Prove that if, for all $n$, $a_n>0$ and $b_n \geq 0$, then:
$\limsup(a_n b_n) \leq \limsup(a_n)\limsup(b_n)$
Provided that the product on the right is not of the form $0 \times \infty$
$proof:$
Case 1: $\limsup(a_n)=A < \infty$, $\limsup(b_n)=B < \infty$
Say $\limsup(a_nb_n)=C$. Then there exists a subsequence of $(a_nb_n)$, say $(a_{n_k}b_{n_k})$ s.t. $\lim_{k \rightarrow \infty}(a_{n_k}b_{n_k})=C$
Thus we have the following:
$\limsup(a_nb_n) = \lim_{k \rightarrow \infty}(a_{n_k}b_{n_k})=\lim_{k \rightarrow \infty}(a_{n_k})\lim_{k \rightarrow \infty}(b_{n_k}) \leq AB$
Case 2: $\limsup(a_n)=\infty$ and $\limsup(b_n)=\infty$
In this case, $\limsup(b_n)\limsup(a_n)=\infty$ and so the inequality holds trivially.
My instructor said that in regards to case 1, $\lim_{k \rightarrow \infty}(a_{n_k})$ and $\lim_{k \rightarrow \infty}(b_{n_k})$ may not exist. I see now what he meant. Can somebody help me make this proof correct?

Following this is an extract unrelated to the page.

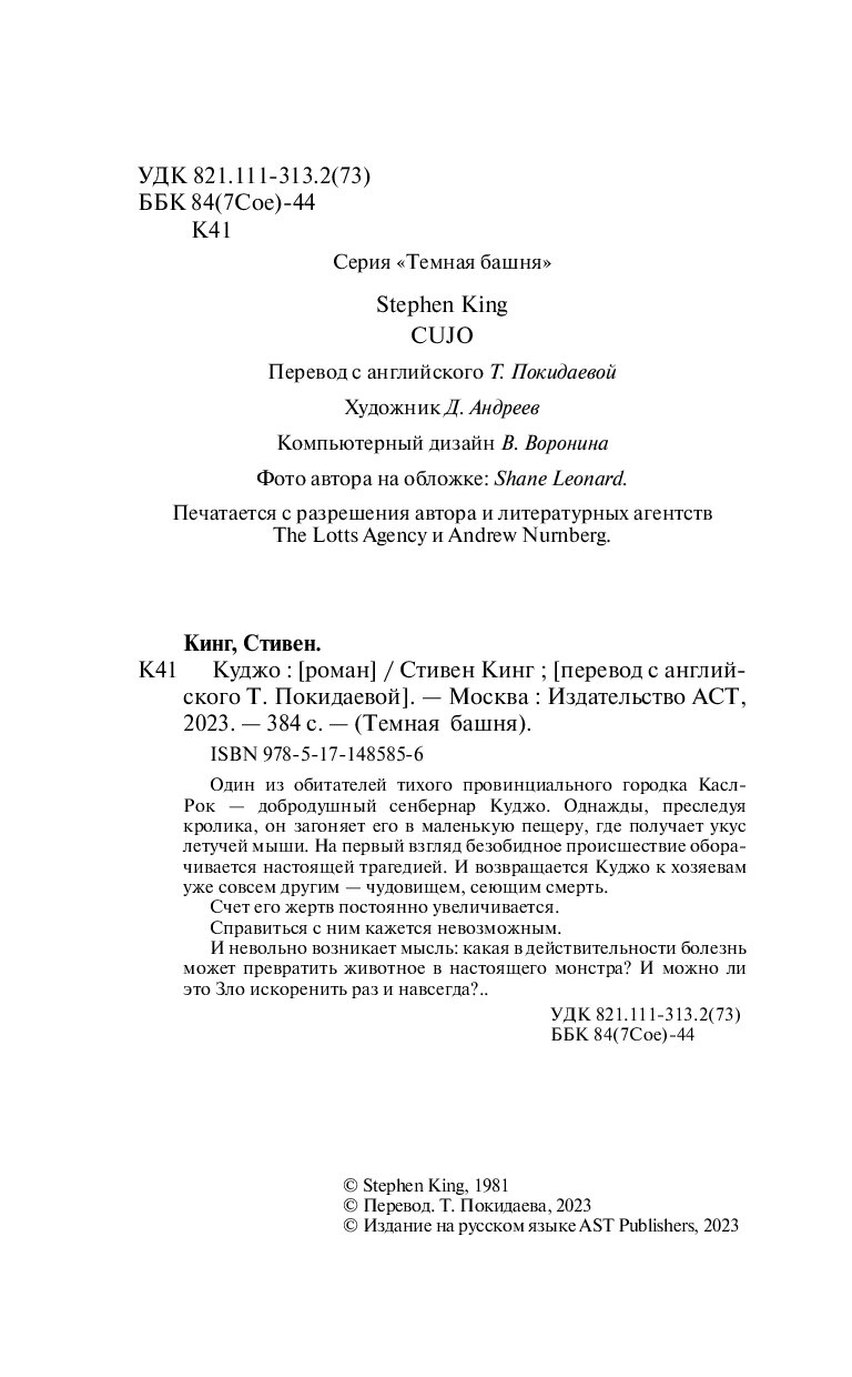 Купить книгу Куджо в интернет-магазине Book24.kz можно по лучшей цене. Напрямую сотрудничая с издательствами, мы сохраняем доступную стоимость всех книг и предлагаем покупателям выгодные условия продажи. Гарантируем адресную доставку заказов по Казахстану в течение 1-9 дней, отправляем книги Казпочтой и EMC Актау, Актобе, Атырау, Караганду, Кокшетау, Костанай, Кызылорду, Павлодар, Петропавловск, Талдыкорган, Тараз, Уральск, Усть-Каменогорск, Шымкент, Алматы, Астану и другие города. Заказать книгу у нас не составит труда, стоит только выбрать из каталога интересующее издание с фото и кратким описанием и сделать оформление заказа по телефону или онлайн. Мы позаботимся, чтобы вы получили книгу как можно скорее.

Thanks!
Best Answer
There are a few ways to do it, but since you like subsequences, you can start with a subsequence of $a_n b_n$ that converges to $\limsup_{n\to\infty} a_nb_n$, say, $a_{n_m}b_{n_m}$. Next, take the sequence $a_{n_m}$, and find a (sub)subsequence $a_{n_{m_k}}$ of $a_{n_m}$ that converges to some $A \le \limsup_{n\to\infty} a_n$. Finally, take a (subsub)subsequence $b_{n_{m_{k_l}}}$ of $b_{n_{m_k}}$ that converges to $B \le \limsup_{n\to\infty} b_n$.
Now, given that sub$^n$sequences of convergent sequences converge to the same limit, we have \begin{align*} a_{n_{m_{k_l}}} &\to A \\ b_{n_{m_{k_l}}} &\to B \\ a_{n_{m_{k_l}}}b_{n_{m_{k_l}}} &\to \lim_{m\to\infty} a_{n_m} b_{n_m} = \limsup_{n\to\infty} a_n b_n. \end{align*} By algebra of limits, and the uniqueness of limits, $$\limsup_{n\to\infty} a_n b_n = AB.$$ Note that the positivity of $a_n$ and $b_n$ imply that $A \ge 0$ and $B \ge 0$, hence $$\limsup_{n\to\infty} a_n b_n = AB \le \left(\limsup_{n\to\infty} a_n\right) \cdot \left(\limsup_{n\to\infty} b_n\right).$$